The sustainability of the ARE prototype farm arises from turning cow manure into valuable bioproducts, including on-farm bioenergy production of biodiesel, cellulosic ethanol, biogas (methane), and associated biobased co-products to replace / reduce purchased inputs of energy and fertilizer / feed nutrients and / or create value-added revenue streams for ethanol, biodiesel, custom fertilizers, and recycled manure-fiber-based soil co-products (bedding, mulches). The goal is a complete closed system that provides dairy farmers with multiple opportunities for increased economic and environmental performance via precision agricultural manure nutrient management, as well as practical solutions to important economic and environmental issues.

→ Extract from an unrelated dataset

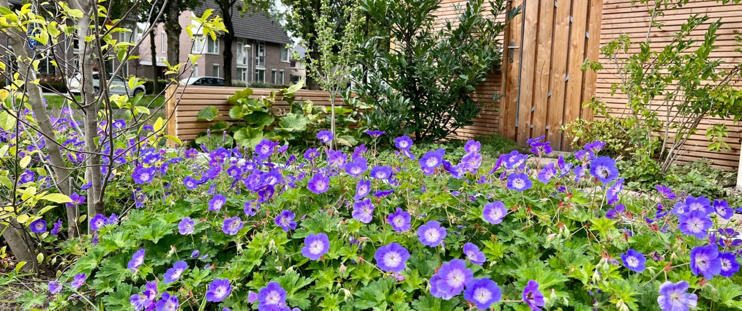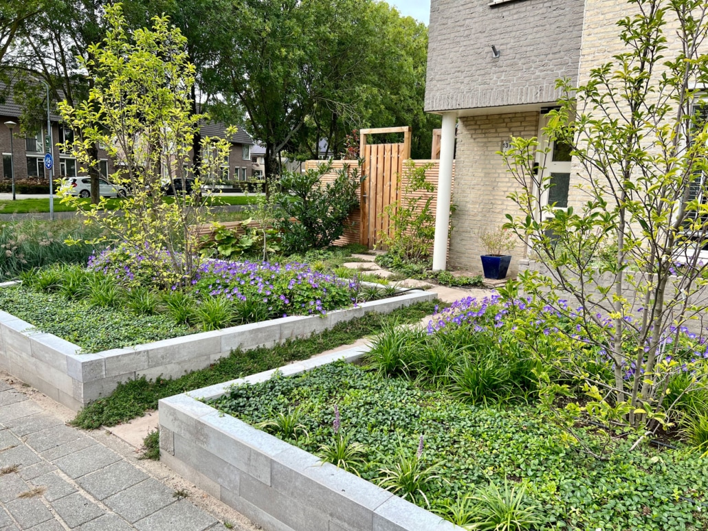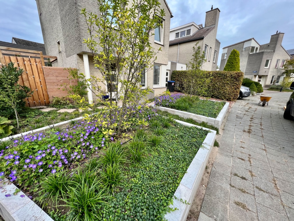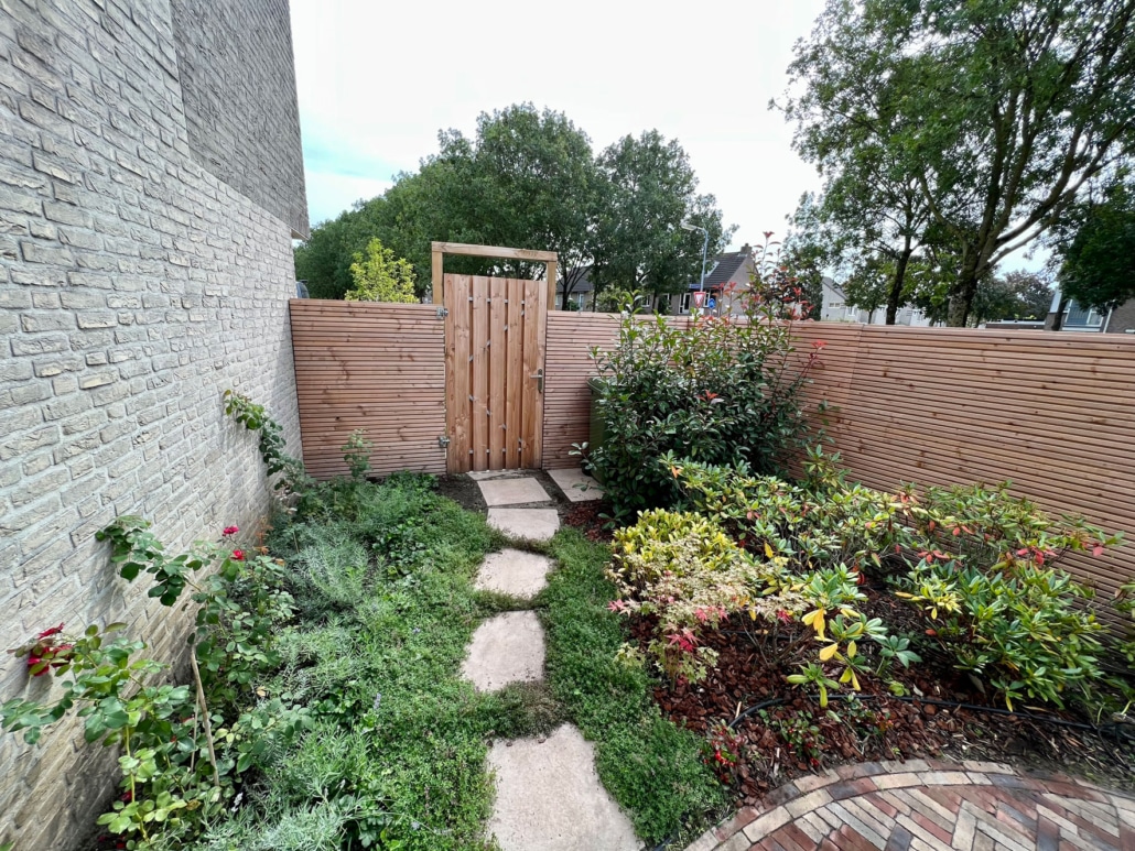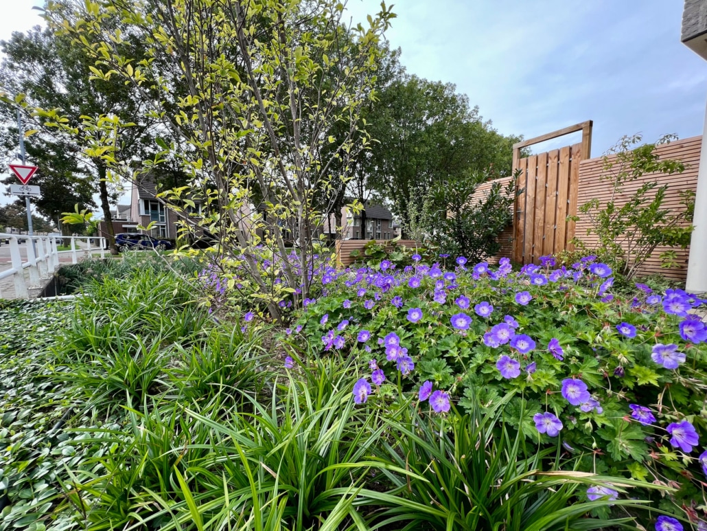 Mevrouw wilde geen strakke, kille tuin. Het mag leven! Met een grote verscheidenheid aan planten hun eigen weg vinden, met ene speels aangelegd looppad en met waaltjes in diverse kleurtinten. Zo hebben we een sfeervolle tuin mogen creëren waar het woord “saai” nooit plaats zal krijgen.

The foundation underlying the economic / environmental / bioenergy business model derives from innovative, proprietary (patented), polymer-based solutions developed by Soil Net, LLC that enable cost-effective separation (“fractionation”) of dairy manure and associated bioenergy coproducts: ethanol, vegetable oil / meals, biodiesel, and organic soil amendments such as mulches and customized fertilizer nutrients. Importantly, these polymer-based technologies have been shown to provide cost-effective separation solutions at smaller scale than many extant separation technologies.
Soil Net’s cost-efficient and effective manure processing comprises nutrient and organic matter / fiber separation, particle sizing, mixing (polymers, catalysts, enzymes), water reduction, anaerobic digestion, and alcohol fermentation / distillation. Primary bioproducts of manure processing include:
- Use of environmentally friendly, food grade polymers to recover and recycle water from manure washed from barns
- Conversion of methane from digester to electricity
- Separation of large fibers to be used for bedding in barns or sold as garden mulch as a substitute for peat moss
- Processing of small fibers for enzymatic conversion to sugars
- Conversion of sugars to bioethanol
- Production of fertilizer pellets from byproducts
ARE will conduct biochemical and biophysical analyses on all feedstock, intermediate, and final products to determine their properties and associated process efficiencies. All system processes and components, including machinery and equipment, are evaluated for processing costs and potential revenue streams (breakeven quantities, prices and / or time); throughput (process quantity and composition flow balance); life-cycle / carbon footprint; “Plan B” (system malfunction / failure plans); maintenance, energy needs / sources; and physical location, and are being continuously improved.